论文标题
羽毛的方法论鸟聚集在一起吗?
Do Methodological Birds of a Feather Flock Together?
论文作者
论文摘要
在过去的二十年中,准实验方法已经扩散,随着研究人员为随机化是不可行的设置而开发因果推理工具。两种流行的方法,分别差异(DID)和比较中断时间序列(CITS),将干预前后的观测值与同一时期观察到的未处理比较组进行了比较。两种方法都依赖于强烈的,不可测试的反事实假设。尽管它们相似,但有关CIT的方法论文献缺乏DID的数学形式。在本文中,我们使用潜在的结果框架正式化了两个版本的CITS- Bloom(2005)描述的一般版本以及经常用于健康服务研究中的线性版本。然后,我们将它们与两个相应的配方进行比较 - 一种具有时间固定效应,另一个具有时间固定效应和组趋势。我们还使用这些方法重新分析了三项先前发表的研究。我们证明了最通用的CITS版本,并且确实采用了相同的反事实,并估计了相同的治疗效果。这两种设计之间的唯一区别是用于描述它们及其在不同学科中的知名度的语言。我们还表明,当人们使用线性(CITS)或并行趋势(DID)约束它们时,这些设计会有所不同。我们建议通过考虑数据生成机制在更加灵活的版本中默认为更灵活的版本,并向从业者提供有关在更受约束版本之间进行选择的建议。我们还建议更加注意指定论文中的结果模型和反事实,从而可以透明地评估因果假设的合理性。

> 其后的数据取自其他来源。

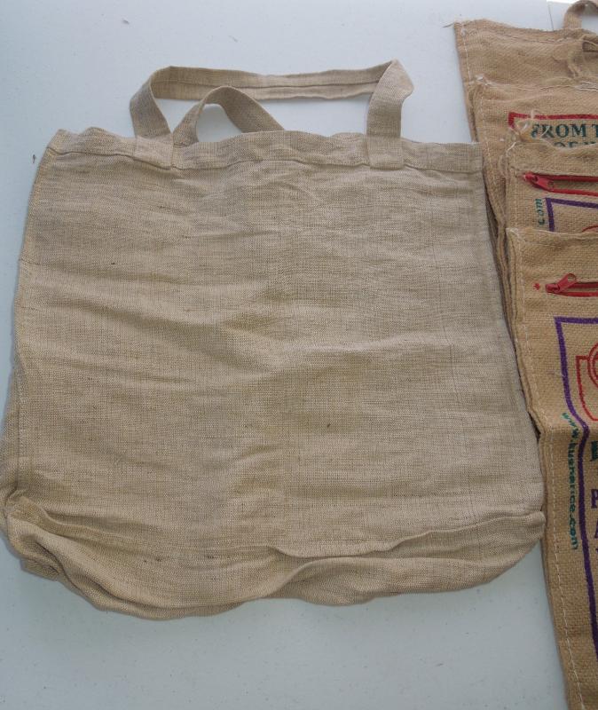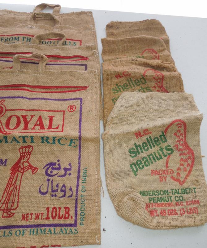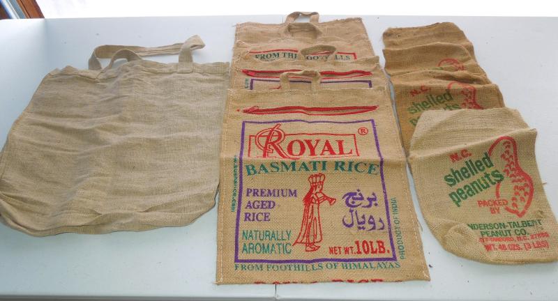 Four basmati zipping burlap bags and 4 burlap NC peanut bags. Also larger cloth linen shopping bag.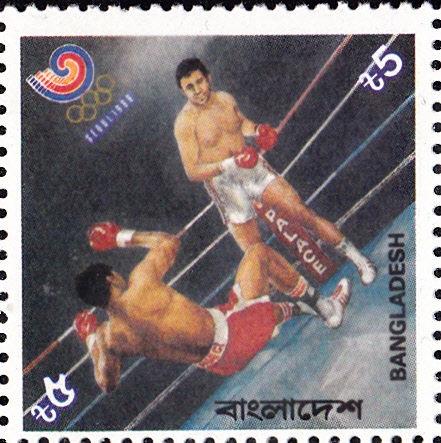 Zu den Olympischen Spielen 1988 in Seoul ist diese Marke aus Bangladesch (MiNr 281) erschienen. Im Markenbild sind zwei Boxer zu sehen, wobei der linke Boxer offenbar gerade nach einem Treffer zu Boden geht.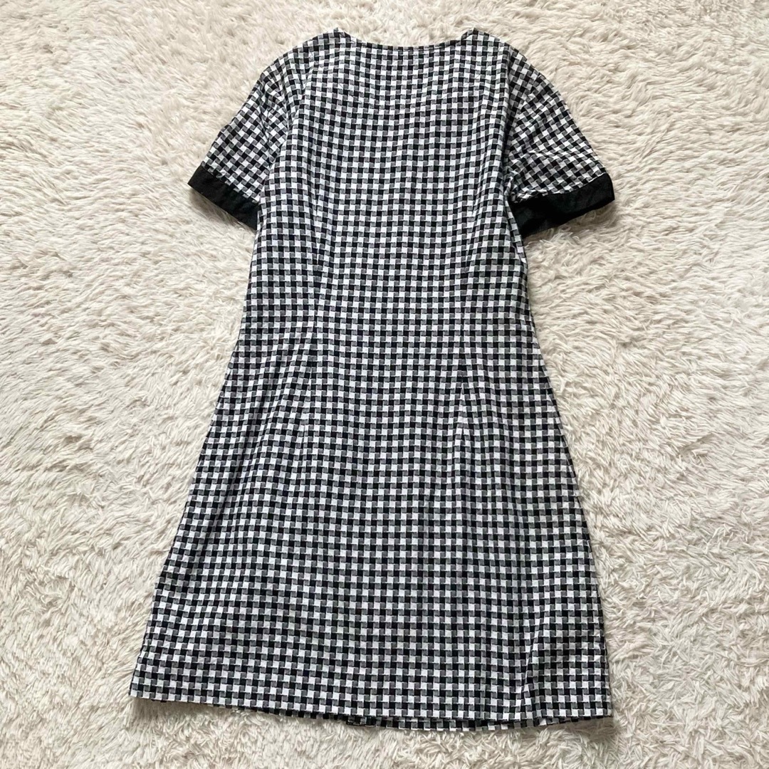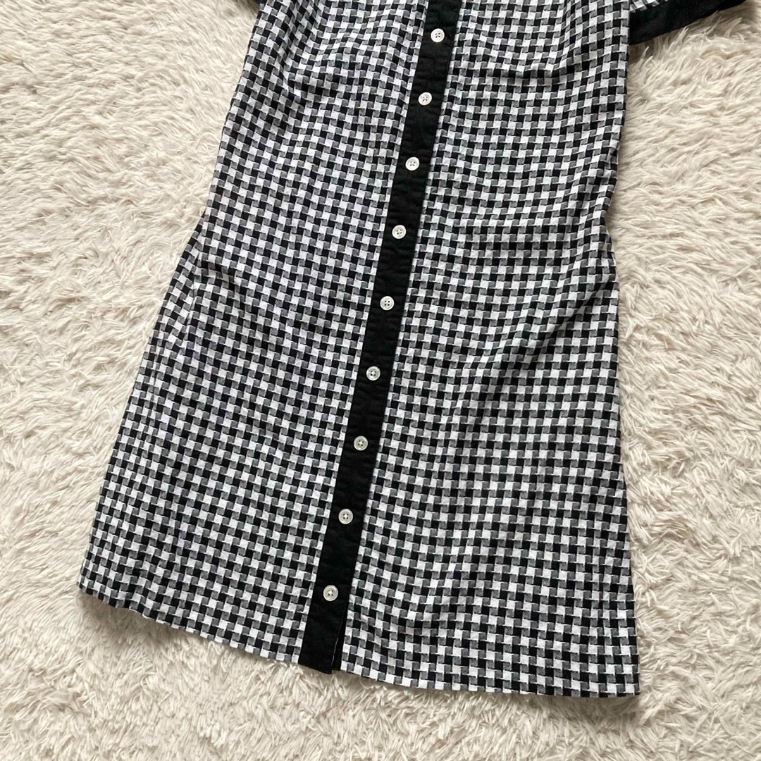 FRED PERRY フレッドペリー シャツワンピース ひざ丈 ノーカラー 半袖 フロントボタン チェック柄 ロゴ刺繍 ローレル 月桂樹

Quasi-experimental methods have proliferated over the last two decades, as researchers develop causal inference tools for settings in which randomization is infeasible. Two popular such methods, difference-in-differences (DID) and comparative interrupted time series (CITS), compare observations before and after an intervention in a treated group to an untreated comparison group observed over the same period. Both methods rely on strong, untestable counterfactual assumptions. Despite their similarities, the methodological literature on CITS lacks the mathematical formality of DID. In this paper, we use the potential outcomes framework to formalize two versions of CITS - a general version described by Bloom (2005) and a linear version often used in health services research. We then compare these to two corresponding DID formulations - one with time fixed effects and one with time fixed effects and group trends. We also re-analyze three previously published studies using these methods. We demonstrate that the most general versions of CITS and DID impute the same counterfactuals and estimate the same treatment effects. The only difference between these two designs is the language used to describe them and their popularity in distinct disciplines. We also show that these designs diverge when one constrains them using linearity (CITS) or parallel trends (DID). We recommend defaulting to the more flexible versions and provide advice to practitioners on choosing between the more constrained versions by considering the data-generating mechanism. We also recommend greater attention to specifying the outcome model and counterfactuals in papers, allowing for transparent evaluation of the plausibility of causal assumptions.